Note that one-dimensional arrays in NumPy may require extra dimensions (e.g., using nested brackets) for operations like transposition to take effect.

---

## Vector Operations and Norms

Vectors not only indicate a point in space but also carry magnitude and direction. A common operation is **transposition**, which turns a row vector into a column vector (and vice versa). In notation, the transpose of vector $\mathbf{x}$ is written as

$$
\mathbf{x}^T.
$$

### Norms

Norms are functions that measure the "length" or "magnitude" of a vector. Some common norms include:

- **L2 Norm (Euclidean Norm):**

$$
\| \mathbf{x} \|_2 = \sqrt{\sum_{i} x_i^2}
$$

- **L1 Norm:**

$$
\| \mathbf{x} \|_1 = \sum_{i} |x_i|
$$

- **Squared L2 Norm:**

$$
\| \mathbf{x} \|_2^2 = \sum_{i} x_i^2
$$

- **Max Norm (Infinity Norm):**

$$
\| \mathbf{x} \|_\infty = \max_i |x_i|
$$

These norms are fundamental in various machine learning tasks—for example, in regularizing regression models or measuring distances in high-dimensional spaces.

A **unit vector** is a special vector whose L2 norm is equal to 1:

$$
\| \mathbf{u} \|_2 = 1.
$$

---

## Special Vectors: Basis, Orthogonal, and Orthonormal

In any vector space, certain vectors serve as building blocks:

- **Basis Vectors:**  
  Typically chosen as unit vectors along the axes, they allow any vector in the space to be represented as a linear combination. For a 2D space, the common basis vectors are

  $$
  \mathbf{i} = \begin{bmatrix} 1 \\ 0 \end{bmatrix}, \quad \mathbf{j} = \begin{bmatrix} 0 \\ 1 \end{bmatrix}.
  $$

- **Orthogonal Vectors:**  
  Two vectors are orthogonal if their dot product is zero,

  $$
  \mathbf{x} \cdot \mathbf{y} = 0,
  $$

  meaning they are at a right angle to one another.

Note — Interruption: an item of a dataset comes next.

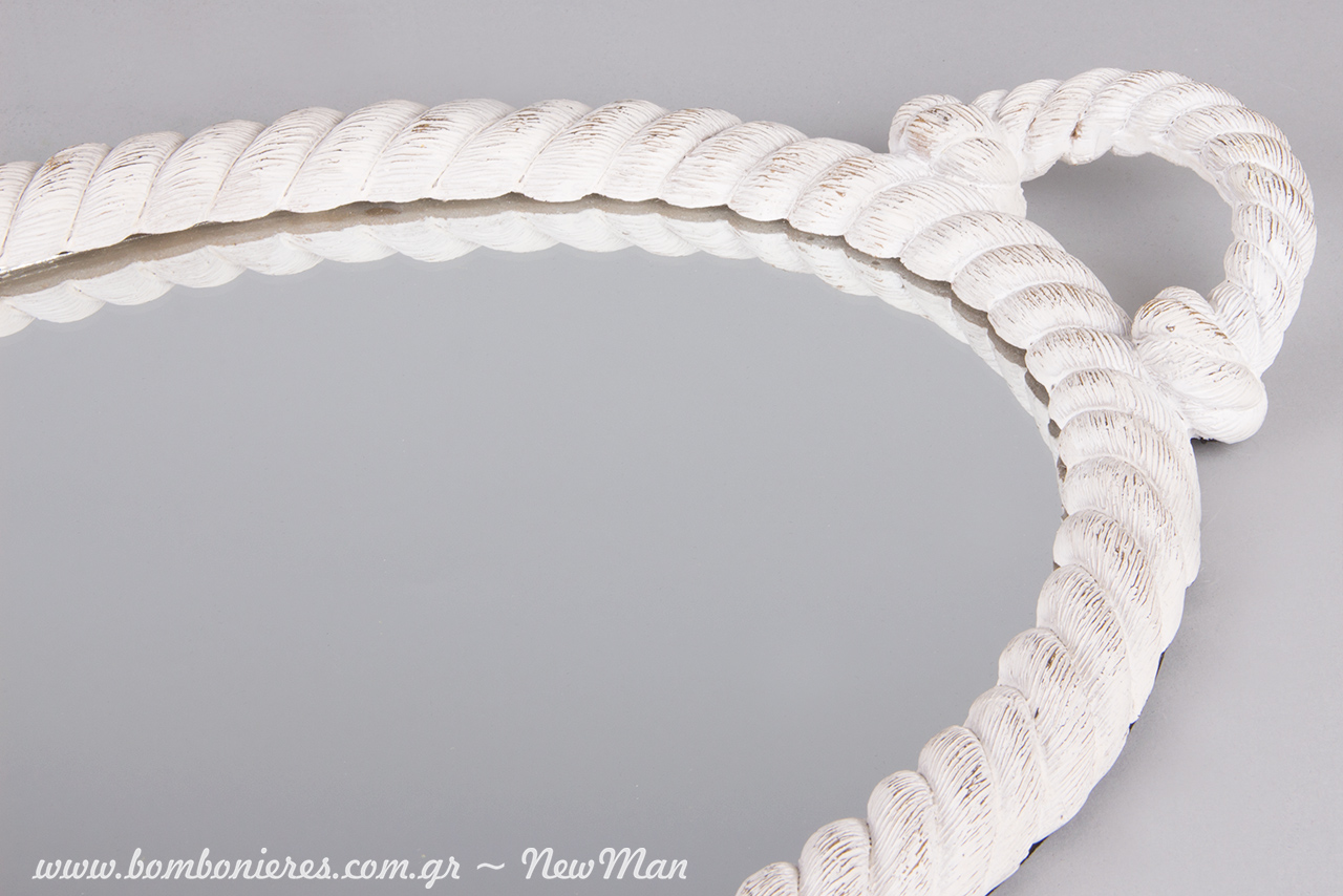 Οβάλ καθρέφτης σε λευκό χρώμα για τη διακόσμηση του σπιτιού ή του γάμου σας (κορνίζα από σχοινί).
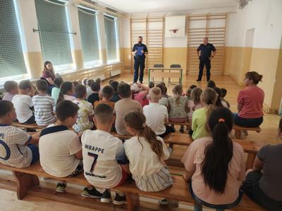 W czasie spotkania funkcjonariusze przypomnieli m.in.: jak bezpiecznie zachowywać się w domu, na placu zabaw, w trakcie wycieczek górskich a przede wszystkim nad wodą. Ostrzegali przed kąpielami w miejscach niedozwolonych a także o konsekwencjach skakania na „główkę”. Tłumaczyli, jak postępować w kontaktach z obcymi oraz jak wzywać pomoc. Rozmawiali również na temat bezpieczeństwa w ruchu drogowym: jak poprawnie przechodzić przez przejście dla pieszych, którą stroną należy iść, gdy nie ma chodnika, dlaczego należy nosić odblaski?

- **Orthonormal Vectors:**  
  Vectors that are both orthogonal and of unit length. Basis vectors in Euclidean spaces are typically orthonormal.

---

## Matrices and High-Dimensional Tensors

A **matrix** is a two-dimensional tensor. In standard notation, matrices are denoted by uppercase bold letters (e.g., $\mathbf{X}$) with elements $x_{ij}$ where $i$ indicates the row and $j$ the column. For example, a matrix with three rows and two columns has the shape (3, 2).

Slicing operations allow you to extract entire rows or columns:

- **Entire row:** $\mathbf{X}[i, :]$
- **Entire column:** $\mathbf{X}[:, j]$

Higher-dimensional tensors extend these concepts. For instance, in deep learning, a common 4D tensor for image data has the shape:

$$
(\text{batch size}, \text{height}, \text{width}, \text{channels})
$$

A batch of 32 images with dimensions 28×28 pixels and 3 color channels would be represented as a tensor of shape $(32, 28, 28, 3)$.